Items from a data source
======
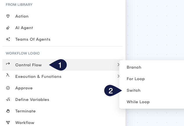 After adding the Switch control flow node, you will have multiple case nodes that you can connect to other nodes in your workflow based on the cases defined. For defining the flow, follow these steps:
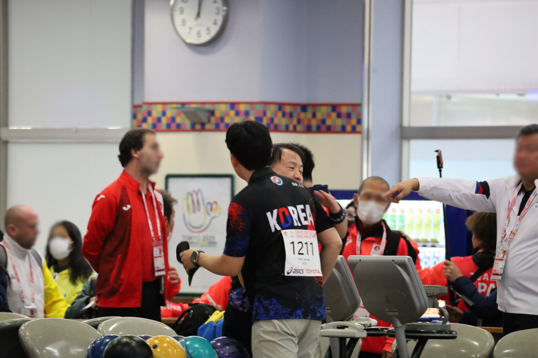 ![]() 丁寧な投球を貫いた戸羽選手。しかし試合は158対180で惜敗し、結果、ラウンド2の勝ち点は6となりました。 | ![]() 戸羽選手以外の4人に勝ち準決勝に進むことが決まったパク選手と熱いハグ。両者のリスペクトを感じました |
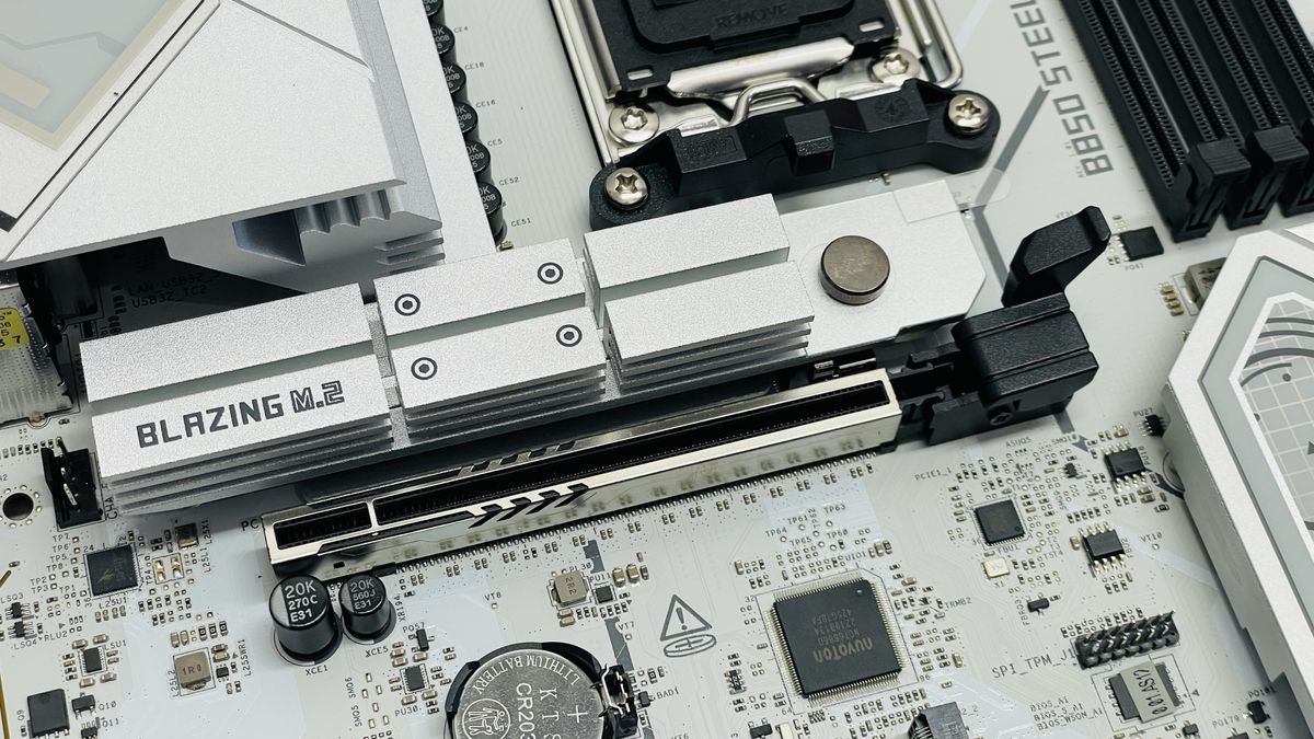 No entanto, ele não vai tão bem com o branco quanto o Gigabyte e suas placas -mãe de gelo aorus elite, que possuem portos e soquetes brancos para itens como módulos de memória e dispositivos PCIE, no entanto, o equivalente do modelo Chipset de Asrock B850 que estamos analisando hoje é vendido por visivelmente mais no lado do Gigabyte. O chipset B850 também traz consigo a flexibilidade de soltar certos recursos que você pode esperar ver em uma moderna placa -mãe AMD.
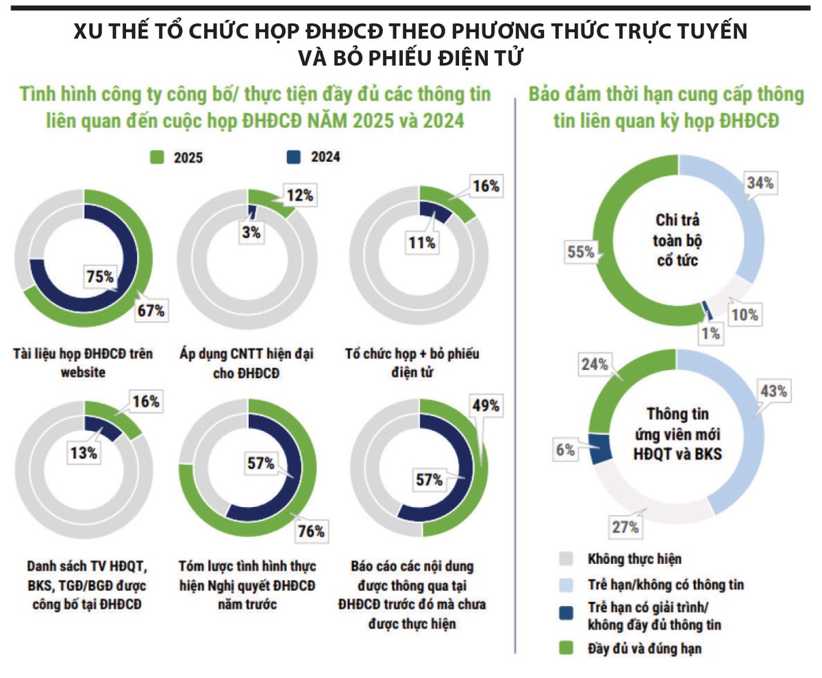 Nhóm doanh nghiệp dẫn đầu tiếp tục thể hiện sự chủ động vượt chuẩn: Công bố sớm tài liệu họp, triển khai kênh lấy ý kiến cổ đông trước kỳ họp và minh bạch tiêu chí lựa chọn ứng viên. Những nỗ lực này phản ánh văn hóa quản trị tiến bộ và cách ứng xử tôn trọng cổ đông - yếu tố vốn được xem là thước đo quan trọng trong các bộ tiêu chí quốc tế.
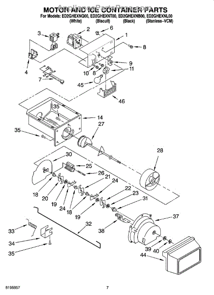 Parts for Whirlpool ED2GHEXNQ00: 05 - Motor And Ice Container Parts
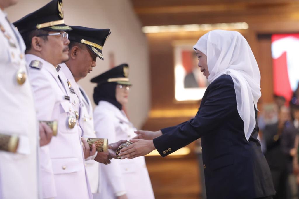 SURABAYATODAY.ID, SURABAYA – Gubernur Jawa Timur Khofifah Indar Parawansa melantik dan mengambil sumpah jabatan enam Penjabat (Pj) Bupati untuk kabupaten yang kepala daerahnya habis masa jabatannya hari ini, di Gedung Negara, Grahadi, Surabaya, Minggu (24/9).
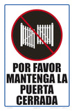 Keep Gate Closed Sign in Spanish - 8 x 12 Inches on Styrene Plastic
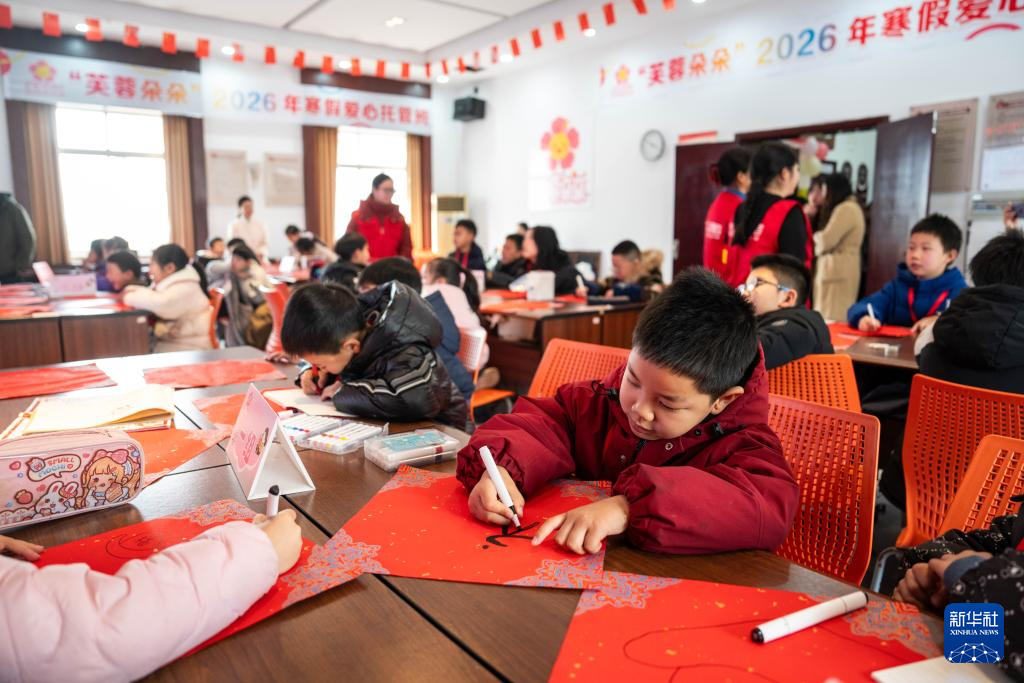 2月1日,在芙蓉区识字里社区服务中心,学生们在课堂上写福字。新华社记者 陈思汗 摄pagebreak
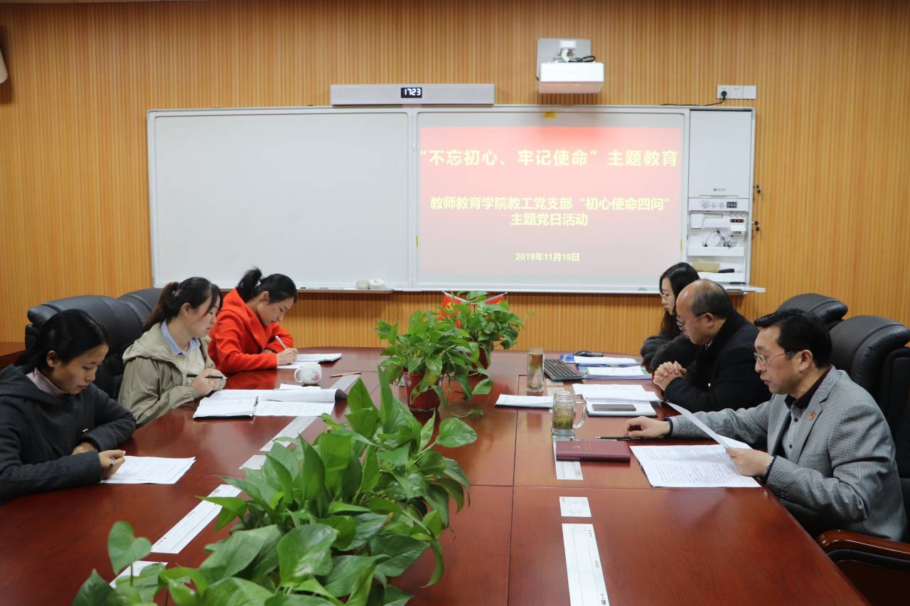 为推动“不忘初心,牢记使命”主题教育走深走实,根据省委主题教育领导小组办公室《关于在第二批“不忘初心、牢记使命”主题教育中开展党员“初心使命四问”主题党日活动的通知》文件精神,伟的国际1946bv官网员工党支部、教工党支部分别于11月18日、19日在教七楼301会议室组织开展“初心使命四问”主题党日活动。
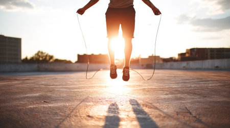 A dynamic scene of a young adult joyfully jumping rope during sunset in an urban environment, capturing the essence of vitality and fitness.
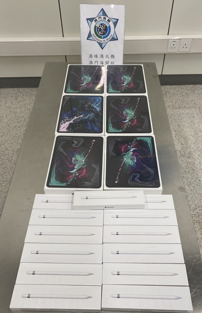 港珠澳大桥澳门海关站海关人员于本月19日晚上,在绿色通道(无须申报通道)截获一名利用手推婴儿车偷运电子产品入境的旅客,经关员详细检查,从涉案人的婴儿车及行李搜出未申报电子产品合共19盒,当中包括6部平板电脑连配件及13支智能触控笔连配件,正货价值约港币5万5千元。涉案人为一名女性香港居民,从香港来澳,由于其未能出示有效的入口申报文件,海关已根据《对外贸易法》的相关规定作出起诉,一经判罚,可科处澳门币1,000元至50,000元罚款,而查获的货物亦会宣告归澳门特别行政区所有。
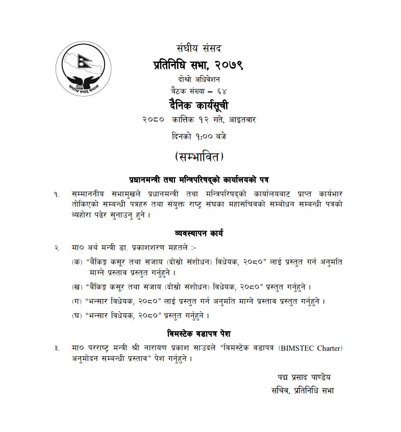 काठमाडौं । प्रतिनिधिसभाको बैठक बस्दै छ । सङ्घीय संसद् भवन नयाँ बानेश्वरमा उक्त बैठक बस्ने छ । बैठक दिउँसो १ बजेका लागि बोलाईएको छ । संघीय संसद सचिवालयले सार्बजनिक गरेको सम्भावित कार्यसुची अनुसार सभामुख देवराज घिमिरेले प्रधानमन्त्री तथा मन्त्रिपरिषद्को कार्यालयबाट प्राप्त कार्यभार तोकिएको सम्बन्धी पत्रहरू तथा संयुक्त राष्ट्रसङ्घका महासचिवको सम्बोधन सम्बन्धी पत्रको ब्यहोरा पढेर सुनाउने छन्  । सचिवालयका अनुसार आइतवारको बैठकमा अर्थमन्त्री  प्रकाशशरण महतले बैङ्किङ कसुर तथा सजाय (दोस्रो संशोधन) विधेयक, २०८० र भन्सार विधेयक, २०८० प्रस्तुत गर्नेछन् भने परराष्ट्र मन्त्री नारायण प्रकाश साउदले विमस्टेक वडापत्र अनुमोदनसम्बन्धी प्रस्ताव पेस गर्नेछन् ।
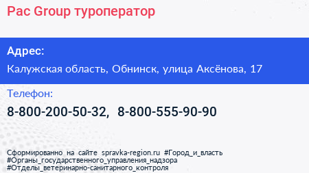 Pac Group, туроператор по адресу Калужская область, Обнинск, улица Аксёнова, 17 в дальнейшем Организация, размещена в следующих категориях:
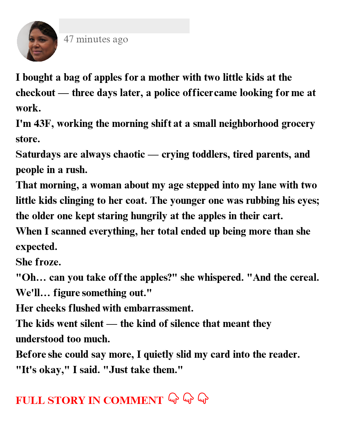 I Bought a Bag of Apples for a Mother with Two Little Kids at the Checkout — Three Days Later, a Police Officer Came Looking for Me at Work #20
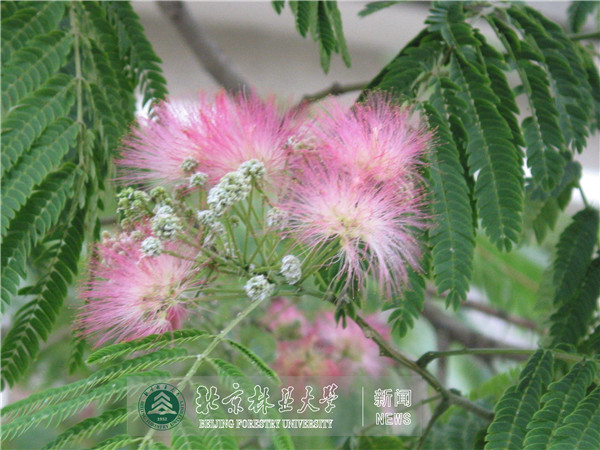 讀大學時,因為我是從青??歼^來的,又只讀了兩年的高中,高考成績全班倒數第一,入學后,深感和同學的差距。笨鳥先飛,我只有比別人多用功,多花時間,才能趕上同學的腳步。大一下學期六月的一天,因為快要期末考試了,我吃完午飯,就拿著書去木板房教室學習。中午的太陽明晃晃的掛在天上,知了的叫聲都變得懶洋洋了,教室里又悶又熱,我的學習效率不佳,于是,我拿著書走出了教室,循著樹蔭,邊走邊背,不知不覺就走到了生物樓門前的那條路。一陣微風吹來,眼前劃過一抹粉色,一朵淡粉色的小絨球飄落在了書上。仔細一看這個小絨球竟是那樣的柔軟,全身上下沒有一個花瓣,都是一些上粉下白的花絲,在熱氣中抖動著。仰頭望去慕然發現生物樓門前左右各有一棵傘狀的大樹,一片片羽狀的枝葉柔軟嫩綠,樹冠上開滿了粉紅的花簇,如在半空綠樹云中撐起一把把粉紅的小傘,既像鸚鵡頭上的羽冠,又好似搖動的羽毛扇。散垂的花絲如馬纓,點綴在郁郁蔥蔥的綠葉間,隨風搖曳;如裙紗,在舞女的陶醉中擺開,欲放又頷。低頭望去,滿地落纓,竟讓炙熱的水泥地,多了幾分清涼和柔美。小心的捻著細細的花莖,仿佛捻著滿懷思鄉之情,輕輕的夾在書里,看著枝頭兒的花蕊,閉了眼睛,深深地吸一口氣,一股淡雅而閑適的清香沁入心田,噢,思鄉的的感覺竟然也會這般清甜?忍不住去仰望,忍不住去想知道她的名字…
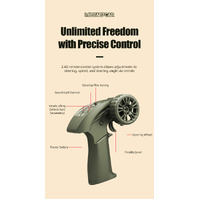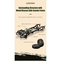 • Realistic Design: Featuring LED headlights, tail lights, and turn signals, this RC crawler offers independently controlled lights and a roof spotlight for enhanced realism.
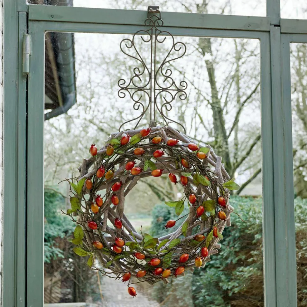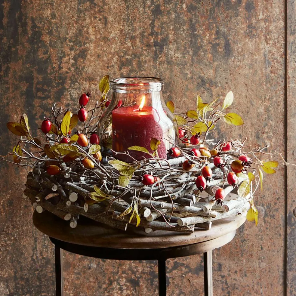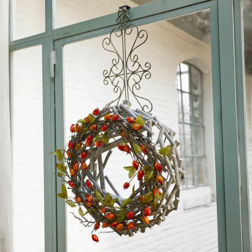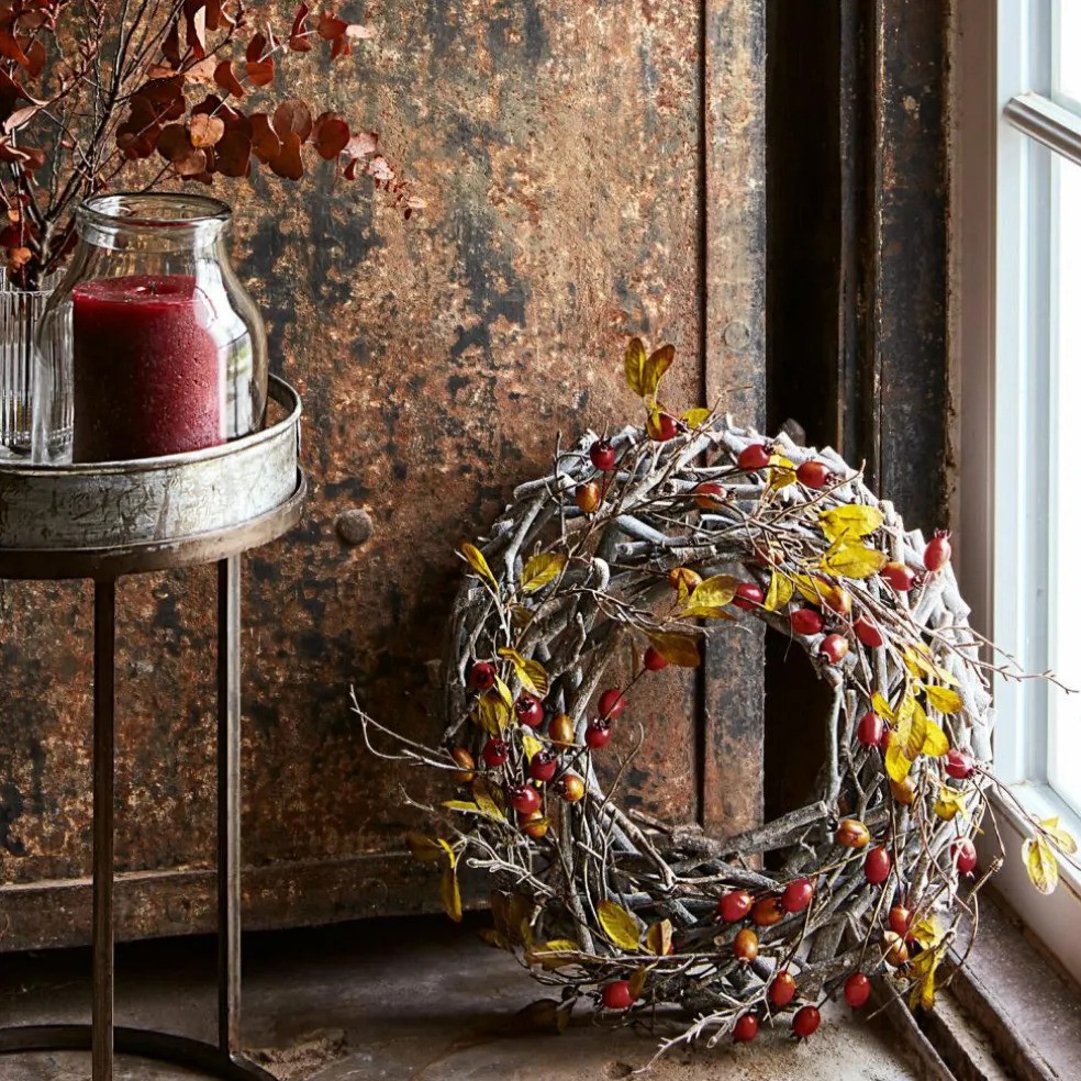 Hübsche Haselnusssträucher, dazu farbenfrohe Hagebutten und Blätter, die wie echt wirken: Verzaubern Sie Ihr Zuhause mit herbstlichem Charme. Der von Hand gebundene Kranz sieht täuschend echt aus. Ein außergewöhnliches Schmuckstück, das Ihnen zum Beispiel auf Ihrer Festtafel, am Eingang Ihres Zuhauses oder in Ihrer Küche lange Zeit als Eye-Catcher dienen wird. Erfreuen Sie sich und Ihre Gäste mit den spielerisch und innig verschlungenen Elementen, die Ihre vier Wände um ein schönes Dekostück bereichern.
======
(The task): Print each record exactly as it stands, skipping the pictures.

(Finished exercise):
 After adding the Switch control flow node, you will have multiple case nodes that you can connect to other nodes in your workflow based on the cases defined. For defining the flow, follow these steps:
 ![]() 丁寧な投球を貫いた戸羽選手。しかし試合は158対180で惜敗し、結果、ラウンド2の勝ち点は6となりました。 | ![]() 戸羽選手以外の4人に勝ち準決勝に進むことが決まったパク選手と熱いハグ。両者のリスペクトを感じました |
 No entanto, ele não vai tão bem com o branco quanto o Gigabyte e suas placas -mãe de gelo aorus elite, que possuem portos e soquetes brancos para itens como módulos de memória e dispositivos PCIE, no entanto, o equivalente do modelo Chipset de Asrock B850 que estamos analisando hoje é vendido por visivelmente mais no lado do Gigabyte. O chipset B850 também traz consigo a flexibilidade de soltar certos recursos que você pode esperar ver em uma moderna placa -mãe AMD.
 Nhóm doanh nghiệp dẫn đầu tiếp tục thể hiện sự chủ động vượt chuẩn: Công bố sớm tài liệu họp, triển khai kênh lấy ý kiến cổ đông trước kỳ họp và minh bạch tiêu chí lựa chọn ứng viên. Những nỗ lực này phản ánh văn hóa quản trị tiến bộ và cách ứng xử tôn trọng cổ đông - yếu tố vốn được xem là thước đo quan trọng trong các bộ tiêu chí quốc tế.
 Parts for Whirlpool ED2GHEXNQ00: 05 - Motor And Ice Container Parts
 SURABAYATODAY.ID, SURABAYA – Gubernur Jawa Timur Khofifah Indar Parawansa melantik dan mengambil sumpah jabatan enam Penjabat (Pj) Bupati untuk kabupaten yang kepala daerahnya habis masa jabatannya hari ini, di Gedung Negara, Grahadi, Surabaya, Minggu (24/9).
 Keep Gate Closed Sign in Spanish - 8 x 12 Inches on Styrene Plastic
 2月1日,在芙蓉区识字里社区服务中心,学生们在课堂上写福字。新华社记者 陈思汗 摄pagebreak
 为推动“不忘初心,牢记使命”主题教育走深走实,根据省委主题教育领导小组办公室《关于在第二批“不忘初心、牢记使命”主题教育中开展党员“初心使命四问”主题党日活动的通知》文件精神,伟的国际1946bv官网员工党支部、教工党支部分别于11月18日、19日在教七楼301会议室组织开展“初心使命四问”主题党日活动。
 A dynamic scene of a young adult joyfully jumping rope during sunset in an urban environment, capturing the essence of vitality and fitness.
 港珠澳大桥澳门海关站海关人员于本月19日晚上,在绿色通道(无须申报通道)截获一名利用手推婴儿车偷运电子产品入境的旅客,经关员详细检查,从涉案人的婴儿车及行李搜出未申报电子产品合共19盒,当中包括6部平板电脑连配件及13支智能触控笔连配件,正货价值约港币5万5千元。涉案人为一名女性香港居民,从香港来澳,由于其未能出示有效的入口申报文件,海关已根据《对外贸易法》的相关规定作出起诉,一经判罚,可科处澳门币1,000元至50,000元罚款,而查获的货物亦会宣告归澳门特别行政区所有。
 काठमाडौं । प्रतिनिधिसभाको बैठक बस्दै छ । सङ्घीय संसद् भवन नयाँ बानेश्वरमा उक्त बैठक बस्ने छ । बैठक दिउँसो १ बजेका लागि बोलाईएको छ । संघीय संसद सचिवालयले सार्बजनिक गरेको सम्भावित कार्यसुची अनुसार सभामुख देवराज घिमिरेले प्रधानमन्त्री तथा मन्त्रिपरिषद्को कार्यालयबाट प्राप्त कार्यभार तोकिएको सम्बन्धी पत्रहरू तथा संयुक्त राष्ट्रसङ्घका महासचिवको सम्बोधन सम्बन्धी पत्रको ब्यहोरा पढेर सुनाउने छन्  । सचिवालयका अनुसार आइतवारको बैठकमा अर्थमन्त्री  प्रकाशशरण महतले बैङ्किङ कसुर तथा सजाय (दोस्रो संशोधन) विधेयक, २०८० र भन्सार विधेयक, २०८० प्रस्तुत गर्नेछन् भने परराष्ट्र मन्त्री नारायण प्रकाश साउदले विमस्टेक वडापत्र अनुमोदनसम्बन्धी प्रस्ताव पेस गर्नेछन् ।
 Pac Group, туроператор по адресу Калужская область, Обнинск, улица Аксёнова, 17 в дальнейшем Организация, размещена в следующих категориях:
 I Bought a Bag of Apples for a Mother with Two Little Kids at the Checkout — Three Days Later, a Police Officer Came Looking for Me at Work #20
 讀大學時,因為我是從青??歼^來的,又只讀了兩年的高中,高考成績全班倒數第一,入學后,深感和同學的差距。笨鳥先飛,我只有比別人多用功,多花時間,才能趕上同學的腳步。大一下學期六月的一天,因為快要期末考試了,我吃完午飯,就拿著書去木板房教室學習。中午的太陽明晃晃的掛在天上,知了的叫聲都變得懶洋洋了,教室里又悶又熱,我的學習效率不佳,于是,我拿著書走出了教室,循著樹蔭,邊走邊背,不知不覺就走到了生物樓門前的那條路。一陣微風吹來,眼前劃過一抹粉色,一朵淡粉色的小絨球飄落在了書上。仔細一看這個小絨球竟是那樣的柔軟,全身上下沒有一個花瓣,都是一些上粉下白的花絲,在熱氣中抖動著。仰頭望去慕然發現生物樓門前左右各有一棵傘狀的大樹,一片片羽狀的枝葉柔軟嫩綠,樹冠上開滿了粉紅的花簇,如在半空綠樹云中撐起一把把粉紅的小傘,既像鸚鵡頭上的羽冠,又好似搖動的羽毛扇。散垂的花絲如馬纓,點綴在郁郁蔥蔥的綠葉間,隨風搖曳;如裙紗,在舞女的陶醉中擺開,欲放又頷。低頭望去,滿地落纓,竟讓炙熱的水泥地,多了幾分清涼和柔美。小心的捻著細細的花莖,仿佛捻著滿懷思鄉之情,輕輕的夾在書里,看著枝頭兒的花蕊,閉了眼睛,深深地吸一口氣,一股淡雅而閑適的清香沁入心田,噢,思鄉的的感覺竟然也會這般清甜?忍不住去仰望,忍不住去想知道她的名字…
 • Realistic Design: Featuring LED headlights, tail lights, and turn signals, this RC crawler offers independently controlled lights and a roof spotlight for enhanced realism.
 Hübsche Haselnusssträucher, dazu farbenfrohe Hagebutten und Blätter, die wie echt wirken: Verzaubern Sie Ihr Zuhause mit herbstlichem Charme. Der von Hand gebundene Kranz sieht täuschend echt aus. Ein außergewöhnliches Schmuckstück, das Ihnen zum Beispiel auf Ihrer Festtafel, am Eingang Ihres Zuhauses oder in Ihrer Küche lange Zeit als Eye-Catcher dienen wird. Erfreuen Sie sich und Ihre Gäste mit den spielerisch und innig verschlungenen Elementen, die Ihre vier Wände um ein schönes Dekostück bereichern.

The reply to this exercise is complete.